From a price-structure perspective, the daily chart places important support around $2.10. On the upside, resistance is clustered in the $2.40 to $2.50 zone. That means XRP remains trapped between a nearby floor that needs to hold and a higher resistance band that would require stronger conviction and volume to break.
Short-Term Charts Point to Weakness Below Resistance
The four-hour chart offers a more clearly bearish short-term view. After failing to push through $2.35, XRP began to print lower highs and lower lows, a pattern typically associated with weakening momentum. Both the 10-period exponential moving average and 10-period simple moving average were reported as bearish, sitting at $2.25029 and $2.24311 respectively.

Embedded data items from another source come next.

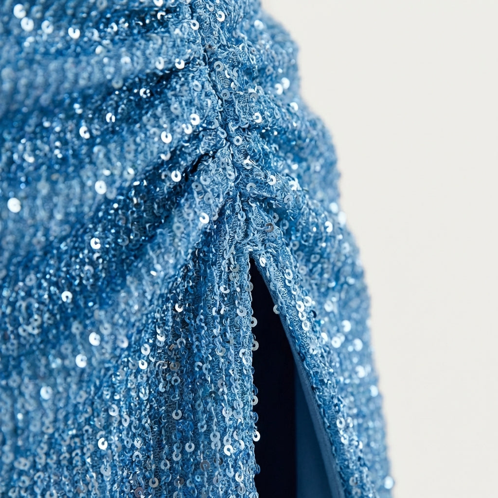 Portée avec des sandales à talons ou des escarpins, elle crée une allure élancée et soignée. Son design asymétrique apporte du caractère tout en restant facile à accessoiriser avec des bijoux discrets ou plus affirmés. Une robe polyvalente et élégante, adaptée aux soirées, galas et événements formels.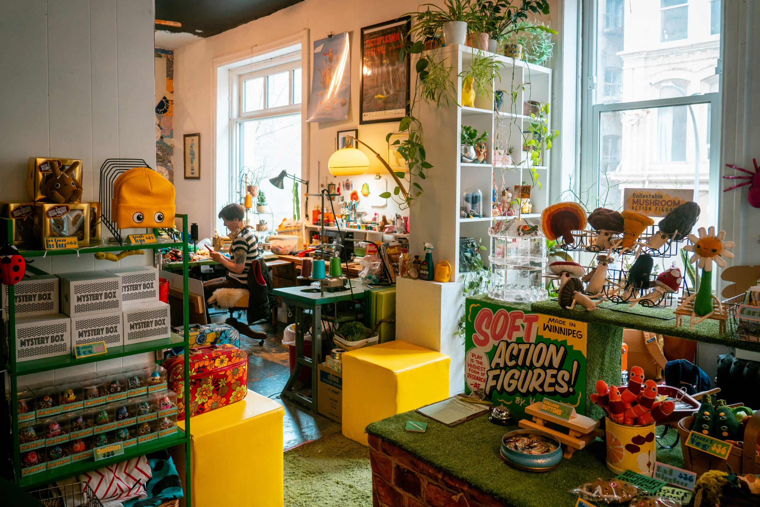 Kami Goertz creates a whimsical world where flowers lounge, rocks narrate history, and mushrooms and cacti thrive. Using vintage, reclaimed, and premium materials, she weaves her love for ecology, mycology, fibre and food into her plush characters. Inspired by her belief that one is never too old for a stuffed companion, Kami infuses her soft action figures with heartfelt craftsmanship, sending them into the world to charm collectors and foster a sense of connection.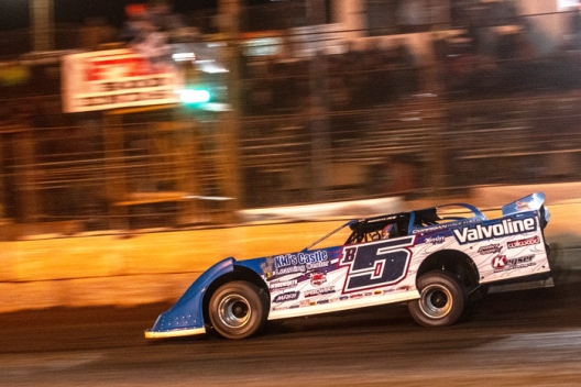 The New Berlin, Ill., driver clicked off his second straight victory on the Keyser Manufacturing Wild West Shootout with a flag-to-flag triumph paying $5,000 after challenger Cade Dillard climbed the wall on a late restart and retired.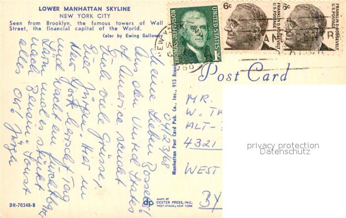 72950574 old postcard Manhattan New York Skyline postalisch gelaufen Erhaltung siehe scans [WerneD78] KatCode: 14140340000000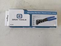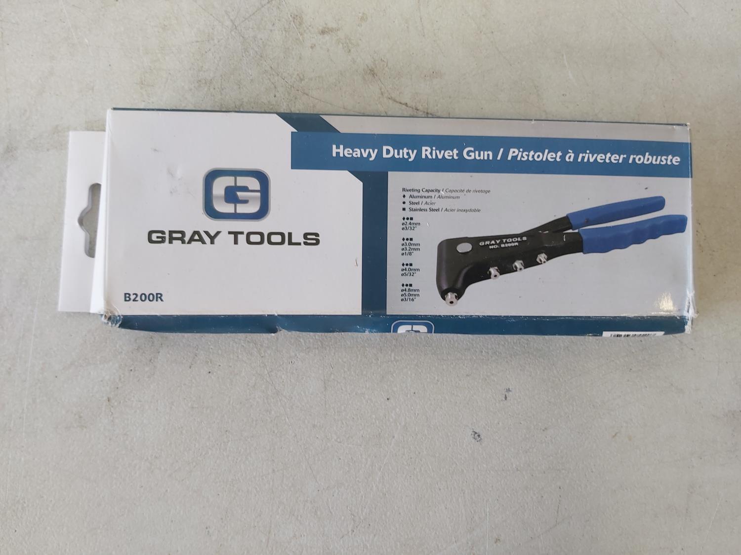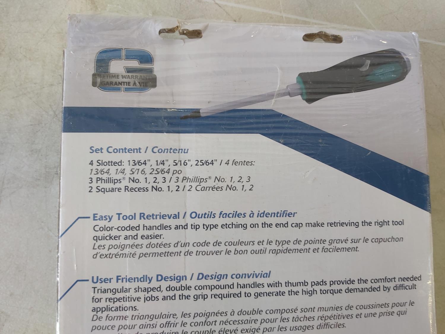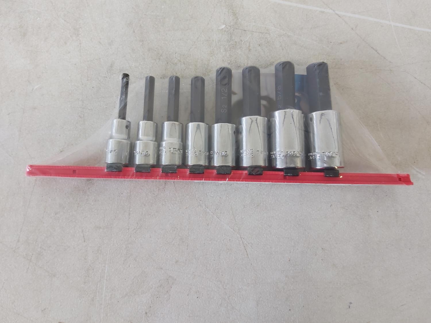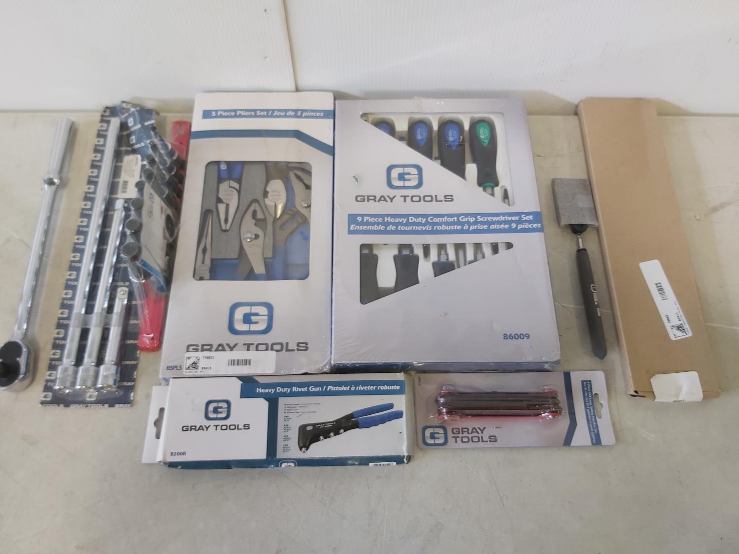 9 piece heavy duty screwdriver set, 5 piece plier set, heavy duty rivet gun, 5 piece SAE hex set, (2) extendable telescopic mirrors, 8 piece 1/2 inch drive sockets (hex head), 1/2 inch drive ratchet, (3) extension bars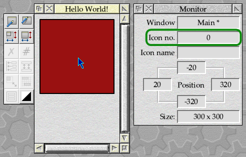 In many template editors, this should automatically renumber the sprite icon containing the square to be icon 0 because there are no other icons left in the window. If it does not, then use the renumbering facility to change the value; in WinEd, click Menu over the icon, slide over Icon → Renumber → to the Renumber icon dialogue box, enter 0 into the field and click on Renumber. The icon number can be found by hovering the mouse over the icon and looking at the Monitor, as seen in Figure 24.2.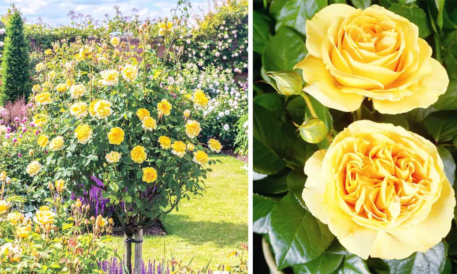 Bring a little sunshine into your garden with this bright and happy yellow rose tree.
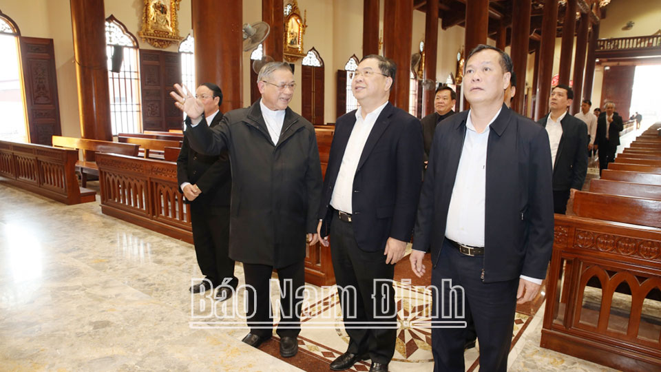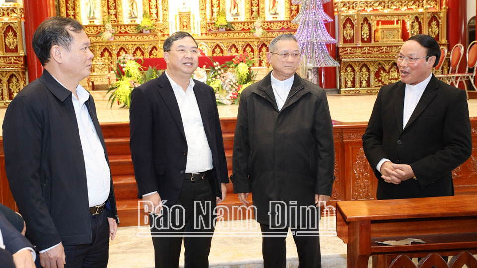 Nhân dịp chào đón năm mới 2024, chiều 27-12, các đồng chí: Phạm Gia Túc, Ủy viên BCH Trung ương Đảng, Bí thư Tỉnh ủy; Lê Quốc Chỉnh, Phó Bí thư Thường trực Tỉnh ủy, Chủ tịch HĐND tỉnh, Trưởng đoàn Đoàn đại biểu Quốc hội tỉnh đã đến thăm nhà thờ Trung Lao, xã Trung Đông (Trực Ninh). Cùng đi có các đồng chí Ủy viên Ban TVTU: Đoàn Văn Hùng, Chủ tịch Ủy ban MTTQ tỉnh; Trần Minh Thắng, Trưởng Ban Dân vận Tỉnh ủy; lãnh đạo Công an tỉnh và huyện Trực Ninh.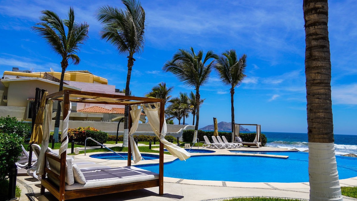 Opustite se u ovom jedinstvenom i mirnom odmoru u prelepom novouređenom kondominijumu na plaži gde ćete uživati u prelepim zalascima sunca u Mazatlanu! Ima 2 spavaće sobe, 2 kupatila, pametni TV, pametni TV , internet, internet, peškire za plažu, peškire za plažu.. potpuno opremljeno! Marina del Sol ima dva bazena! :) NAPOMENA: Na istom spratu imamo još jedan jednako kondominijum za 6 osoba (samo 2 kondominija po spratu), tako da može da bude do 12 osoba koje se spajaju sa 2 :)

That leaves traders focused on a fairly narrow tactical range. Support on the four-hour timeframe sits between $2.12 and $2.15, while resistance is concentrated between $2.25 and $2.30. The analysis suggests that short-term participants may look for trading opportunities near the lower end of that support area, but only with careful risk controls given the broader market softness.
The one-hour chart tells a similar story. XRP has been struggling beneath resistance in the $2.18 to $2.20 area, with support near $2.12. Volume remains subdued, and that low-volume backdrop tends to make breakouts less reliable unless participation expands sharply. The awesome oscillator was listed at 0.05520, while the 20-period EMA at $2.23286 and the 20-period SMA at $2.33407 both tilted bearish.
In practical terms, this means XRP needs a clean move above $2.20 with stronger volume to improve the immediate outlook. Without that confirmation, rallies may continue to stall before reaching a more meaningful reversal.
Mixed Indicator Set Keeps Traders Focused on Key Levels
Oscillators overall were described as mostly neutral to bearish. The commodity channel index (CCI) came in at -107.40505, while the stochastic reading was 30.90697. Those figures reinforce the idea that near-term momentum has softened, even if selling is not yet accelerating into a disorderly breakdown.
Still, not every signal is negative. The 50-period simple moving average at $1.79919 and the 50-period exponential moving average at $1.87019 continue to support a more constructive medium-term interpretation. More importantly, the 200-period EMA at $1.07240 remains well below the current market price, suggesting that the broader trend has not fully reversed despite the recent cooling in momentum.
This split between weak short-term readings and healthier longer-term averages helps explain the current indecision. XRP is not trading like a token in a clear bullish breakout, but it also is not yet behaving like one that has fully lost its larger upward structure. That tension is what makes the next move from current levels especially important.
Bullish and Bearish Cases From Here
The bullish case rests on XRP defending the lower support area and reclaiming $2.20 with convincing volume. If buyers can do that, the next upside objective would likely be around $2.30, followed by a possible retest of $2.40. A successful push into that area would strengthen the argument that the current pause is simply a consolidation phase after the earlier surge toward $2.90.
The bearish case is rooted in the short-term technical warnings now visible across multiple timeframes. MACD and momentum remain soft, volume has faded, and repeated failures near $2.20 suggest sellers are still active on rebounds. If XRP breaks below $2.12, traders are likely to focus quickly on the more critical $2.10 support level. A loss of that zone could increase the risk of a deeper pullback.
For now, XRP appears to be in a waiting phase rather than a confirmed trend reversal or renewed breakout. The market is balancing a still-positive longer-term structure against clear short-term hesitation. Until that balance is broken by either a volume-backed move above resistance or a decisive drop below support, risk management is likely to remain the defining theme for traders watching the token.